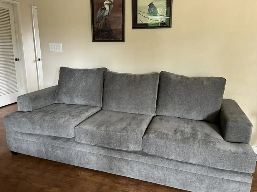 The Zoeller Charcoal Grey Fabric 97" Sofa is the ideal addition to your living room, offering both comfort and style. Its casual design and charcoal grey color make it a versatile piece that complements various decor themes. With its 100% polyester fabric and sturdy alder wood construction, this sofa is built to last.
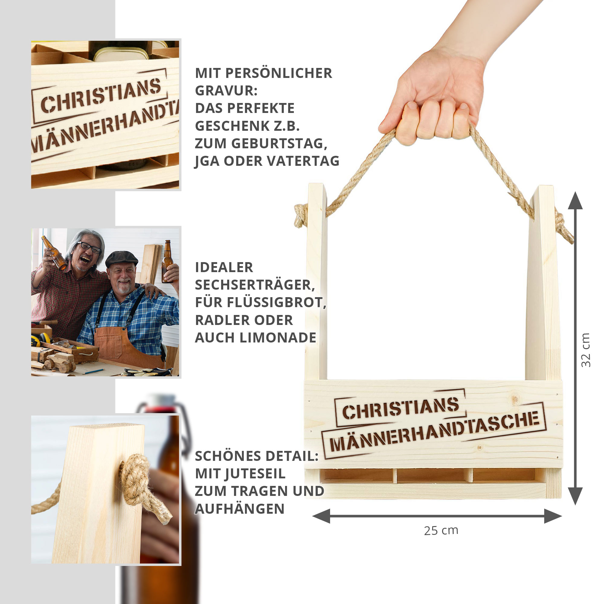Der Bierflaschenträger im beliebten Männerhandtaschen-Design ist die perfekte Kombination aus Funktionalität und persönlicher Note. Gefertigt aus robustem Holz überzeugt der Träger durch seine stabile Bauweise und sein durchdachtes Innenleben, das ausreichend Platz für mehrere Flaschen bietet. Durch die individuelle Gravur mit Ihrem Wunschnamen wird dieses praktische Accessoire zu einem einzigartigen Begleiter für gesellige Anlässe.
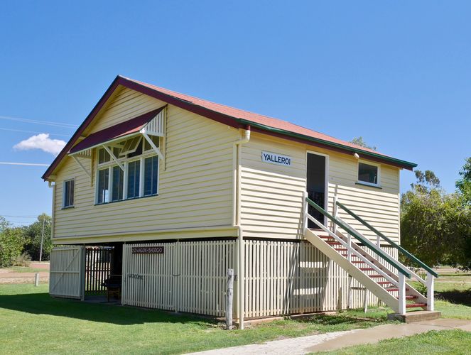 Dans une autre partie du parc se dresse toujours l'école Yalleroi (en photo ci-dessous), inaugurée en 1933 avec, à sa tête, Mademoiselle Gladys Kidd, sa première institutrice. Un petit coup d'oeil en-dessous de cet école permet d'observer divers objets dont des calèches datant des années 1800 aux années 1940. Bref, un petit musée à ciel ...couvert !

══════════

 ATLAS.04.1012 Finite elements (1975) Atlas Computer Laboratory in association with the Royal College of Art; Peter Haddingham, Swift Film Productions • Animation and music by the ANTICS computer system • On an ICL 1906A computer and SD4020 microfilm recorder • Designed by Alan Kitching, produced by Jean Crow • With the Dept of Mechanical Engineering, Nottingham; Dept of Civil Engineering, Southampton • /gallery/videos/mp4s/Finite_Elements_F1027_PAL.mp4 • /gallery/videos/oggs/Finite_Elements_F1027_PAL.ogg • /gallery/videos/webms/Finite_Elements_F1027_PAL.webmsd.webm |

══════════

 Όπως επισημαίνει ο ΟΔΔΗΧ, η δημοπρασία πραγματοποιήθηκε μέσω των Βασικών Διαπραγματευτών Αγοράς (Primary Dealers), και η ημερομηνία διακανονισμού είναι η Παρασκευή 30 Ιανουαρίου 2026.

══════════

◆ Work instruction ◆
Quote the data above exactly from the line with "The Zoeller Charcoal" to the line with "Dans une autre", both ends counted, and nothing else. Pictures don't go in.

◆ Exercise answer ◆
 The Zoeller Charcoal Grey Fabric 97" Sofa is the ideal addition to your living room, offering both comfort and style. Its casual design and charcoal grey color make it a versatile piece that complements various decor themes. With its 100% polyester fabric and sturdy alder wood construction, this sofa is built to last.
Der Bierflaschenträger im beliebten Männerhandtaschen-Design ist die perfekte Kombination aus Funktionalität und persönlicher Note. Gefertigt aus robustem Holz überzeugt der Träger durch seine stabile Bauweise und sein durchdachtes Innenleben, das ausreichend Platz für mehrere Flaschen bietet. Durch die individuelle Gravur mit Ihrem Wunschnamen wird dieses praktische Accessoire zu einem einzigartigen Begleiter für gesellige Anlässe.
 Dans une autre partie du parc se dresse toujours l'école Yalleroi (en photo ci-dessous), inaugurée en 1933 avec, à sa tête, Mademoiselle Gladys Kidd, sa première institutrice. Un petit coup d'oeil en-dessous de cet école permet d'observer divers objets dont des calèches datant des années 1800 aux années 1940. Bref, un petit musée à ciel ...couvert !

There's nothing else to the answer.